■ Description of the task ■
Return the following from the records below: each line, word for word, starting with the line that contains "Metallic CCTV signage" and going on through the line that contains "- Tarchi, D.;", with nothing outside that range.

■ Given data ■
-*-

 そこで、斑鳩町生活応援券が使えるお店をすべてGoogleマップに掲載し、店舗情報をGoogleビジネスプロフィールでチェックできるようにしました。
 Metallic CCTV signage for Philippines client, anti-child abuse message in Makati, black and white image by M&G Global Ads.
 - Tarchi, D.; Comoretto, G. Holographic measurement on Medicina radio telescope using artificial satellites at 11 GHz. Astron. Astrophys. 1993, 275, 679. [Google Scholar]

-*-

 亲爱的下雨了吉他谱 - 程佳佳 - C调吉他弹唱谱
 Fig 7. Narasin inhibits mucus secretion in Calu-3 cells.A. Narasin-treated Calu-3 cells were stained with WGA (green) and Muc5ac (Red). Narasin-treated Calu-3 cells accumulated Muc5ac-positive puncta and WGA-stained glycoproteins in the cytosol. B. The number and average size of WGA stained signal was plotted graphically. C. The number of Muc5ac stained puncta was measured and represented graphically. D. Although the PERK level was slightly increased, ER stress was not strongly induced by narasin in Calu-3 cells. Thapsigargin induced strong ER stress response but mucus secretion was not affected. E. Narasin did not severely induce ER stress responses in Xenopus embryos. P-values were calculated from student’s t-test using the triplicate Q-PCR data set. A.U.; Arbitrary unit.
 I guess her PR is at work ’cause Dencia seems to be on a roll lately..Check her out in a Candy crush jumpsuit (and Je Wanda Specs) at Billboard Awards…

-*-

■ Reply to the task ■
 Metallic CCTV signage for Philippines client, anti-child abuse message in Makati, black and white image by M&G Global Ads.
 - Tarchi, D.; Comoretto, G. Holographic measurement on Medicina radio telescope using artificial satellites at 11 GHz. Astron. Astrophys. 1993, 275, 679. [Google Scholar]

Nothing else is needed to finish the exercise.